Q&A: Do certain foods increase fat-burning

Q: I’ve heard that there are some foods you should not mix in order to avoid fat storage. For instance: Don’t consume a fat with a carb or a carb with a protein. I may have the combinations wrong but is there any truth to this and if so, what are the best combinations to maximize fat burning?

LM, Rocky Hill

A: There isn’t enough evidence to support the claim that eating certain foods together maximizes fat burning but there are several lifestyle patterns that can support your metabolism and increase fat-burning.

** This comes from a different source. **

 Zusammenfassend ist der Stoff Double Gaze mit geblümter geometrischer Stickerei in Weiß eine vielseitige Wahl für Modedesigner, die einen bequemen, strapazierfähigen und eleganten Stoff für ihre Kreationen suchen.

Get active.  People with more muscle mass tend to burn more calories because it takes more energy to maintain a pound of muscle (about six calories a day) than a pound of fat (two calories a day). The best way to maintain muscle is to exercise regularly (thirty minutes of heart-pumping exercise three-to-five days a week). Consider strength training to build muscle and enhance calorie burn. So, get active and remember that exercise does more than just burn calories it releases endorphins — feel-good molecules — that reduce stress and food cravings.

Get enough of the right kind of fats. Research shows that switching from saturated fats (such as butter) to liquid fats (olive oil and omega-3s) can increase metabolic rate. In addition, omega-3 fatty acids found primarily in fatty fish have been shown to boost metabolism by enhancing the activation of fat-burning enzymes. So, aim for 8 ounces — two servings — of sardines, mackerel, wild salmon or trout per week. Ground flaxseed and walnuts are also rich in omega-3 fatty acids (2). 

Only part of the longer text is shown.